Les cycles financiers et économiques aux États-Unis

On distingue les cycles économiques, généralement mesurés par les fluctuations du produit intérieur brut (PIB) réel, des cycles financiers, souvent approchés par les fluctuations du crédit et des prix des actifs immobiliers ou financiers. À l'aide de filtres statistiques (ou méthode de transformation des données initiales), Claudio Borio et d’autres économistes proposent une représentation du cycle financier aux États-Unis qui combine le comportement des prix de l'immobilier et du crédit, y compris par rapport au PIB et se concentre sur les fluctuations à plus long terme qui sont plus étroitement liées aux crises bancaires et aux récessions les plus graves. La comparaison de ce cycle financier avec le cycle économique permet de mettre en exergue deux caractéristiques :

• depuis le début des années 80, le cycle financier domestique a une amplitude plus forte et est devenu plus long que le cycle économique ;

• les pics du cycle financier ont tendance à déclencher des récessions et coïncide avec des crises bancaires.

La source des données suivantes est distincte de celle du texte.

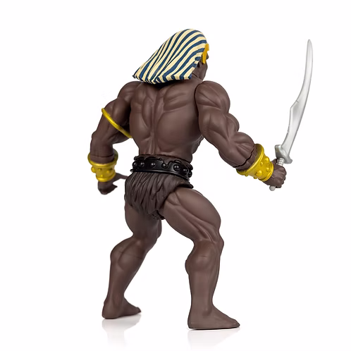 Blending the atmosphere of the original illustration with the spirit of classic 1980s toys, Emiliano Santalucia and Peer Brauner bring one of Frazetta’s most striking supporting characters into the 5.5” retro figure format. The Guard embodies the raw strength and silent menace that define the world of the Egyptian Queen.
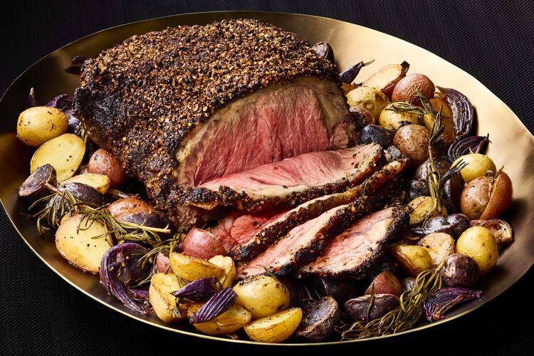 То есть запеченный кусок говядины в специях для пастрами. Кусок говядины для запекания, 2 кг с небольшим 5 ст.л. семян кориандра 5 ст.л. черного перца горошком 1,5 ст.л. копченой паприки 0,5 ч.л. острого красного перца (ну или больше, если хотите острее) 0,5 стакана кленового сиропа (или тутового дошаба, или меда) Соль Оливковое масло Гарнир 1 кг картошки 2 больших луковицы 6-8 веточек розмарина Оливковое масло Соль Кориандр и черный перец обжарьте, потолките в ступке довольно крупно, смешайте с паприкой и парой столовых ложек соли. Говядину зачистите от жира (если он есть), смажьте сиропом-медом, смешанным с острым перцем. Присыпьте со всех сторон смесью специй и отправляйте в холодильник, не накрывая, минимум на 8 часов, а лучше сразу на сутки. Выньте мясо из холодильника за час до готовки, чтобы согрелось. Перемешайте картошку с луком, порезанным на четвертинки, розмарином, оливковым маслом. Посолите. Разложите на противне, уложите сверху мясо. Запекайте 15 минут при температу

Les cycles financiers et économiques aux États-Unis

1. Le cycle financier, mesuré par des filtres basés sur la fréquence (bande passante), capture les fluctuations du crédit réel, du ratio crédit / PIB et des prix réels des logements sur une période de 32 à 120 trimestres. 2. Le cycle économique, mesuré par un filtre basé sur la fréquence (bande passante), capture les fluctuations du PIB réel sur une période de cinq à 32 trimestres.

Source: Drehmann, M, C Borio and K Tsatsaronis (2012): ”Characterising the financial cycle: don’t lose sight of the medium term!”, BIS Working Papers, no 380 et June et Laeven, L and F Valencia (2018): “Systemic banking crises revisited”, IMF Working Papers, no 18/206, September.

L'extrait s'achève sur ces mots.